> [What to produce]: Return all of the listing word for word; the pictures stay out.

> [Recorded data]:
*** Begin section ***

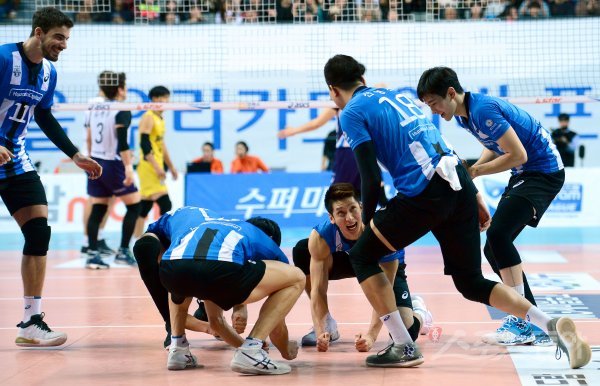 19일 서울 장충체육관에서 ‘2017-18 도드람 V리그’ 남자부 현대캐피탈과 우리카드 경기에서 현대캐피탈 신영석이 서브 득점에 성공하자 문성민이 코트 바닥을 치며 기뻐하고 있다.
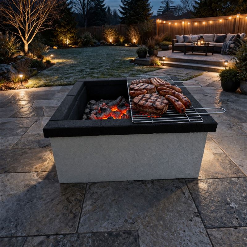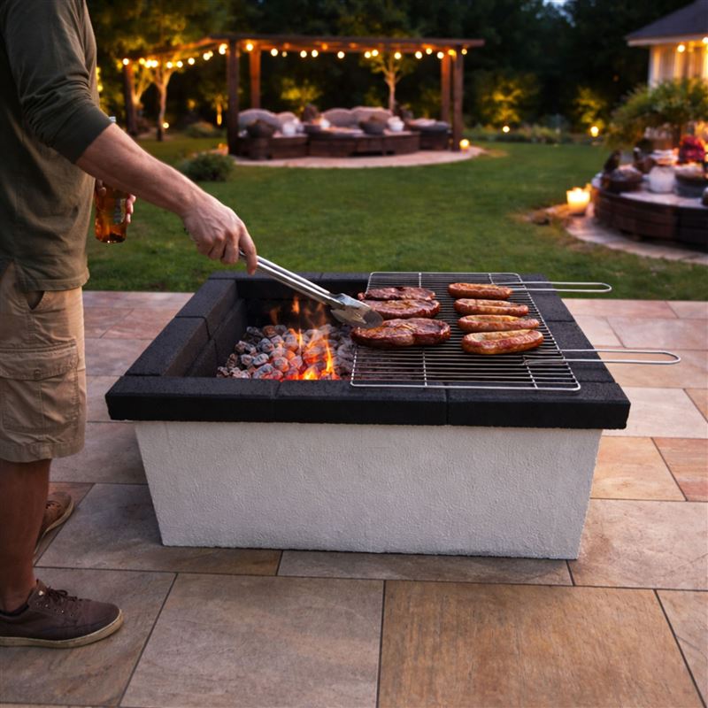 Create a striking and functional feature in your garden with this square masonry garden fire pit with cooking grill. Designed as a permanent outdoor fire pit, it combines the warmth and ambience of a real wood fire with the added benefit of open-flame cooking, making it ideal for outdoor entertaining and relaxed evenings outside.
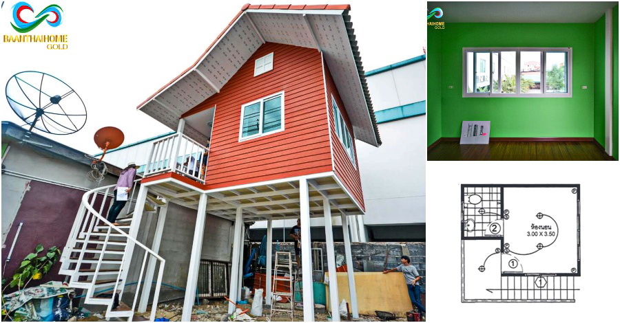 Moblie Home เป็นบ้านโครงเหล็กยกพื้นสูง ประกอบไปด้วย 1 ห้องนอน 1 ห้องน้ำ ใช้งบประมาณในการก่อสร้าง 400,000 บาท (ไม่รวมที่ดิน) ถ้าหากชาวเว็บท่านไหนสนใจ ก็สามารถสอบถามรายละเอียดการก่อสร้างเพิ่มเติมจากผู้รับเหมา ตามที่อยู่ด้านล่างนี้ได้เลยค่ะ

*** End section ***

> [Task output]:
 19일 서울 장충체육관에서 ‘2017-18 도드람 V리그’ 남자부 현대캐피탈과 우리카드 경기에서 현대캐피탈 신영석이 서브 득점에 성공하자 문성민이 코트 바닥을 치며 기뻐하고 있다.
 Create a striking and functional feature in your garden with this square masonry garden fire pit with cooking grill. Designed as a permanent outdoor fire pit, it combines the warmth and ambience of a real wood fire with the added benefit of open-flame cooking, making it ideal for outdoor entertaining and relaxed evenings outside.
 Moblie Home เป็นบ้านโครงเหล็กยกพื้นสูง ประกอบไปด้วย 1 ห้องนอน 1 ห้องน้ำ ใช้งบประมาณในการก่อสร้าง 400,000 บาท (ไม่รวมที่ดิน) ถ้าหากชาวเว็บท่านไหนสนใจ ก็สามารถสอบถามรายละเอียดการก่อสร้างเพิ่มเติมจากผู้รับเหมา ตามที่อยู่ด้านล่างนี้ได้เลยค่ะ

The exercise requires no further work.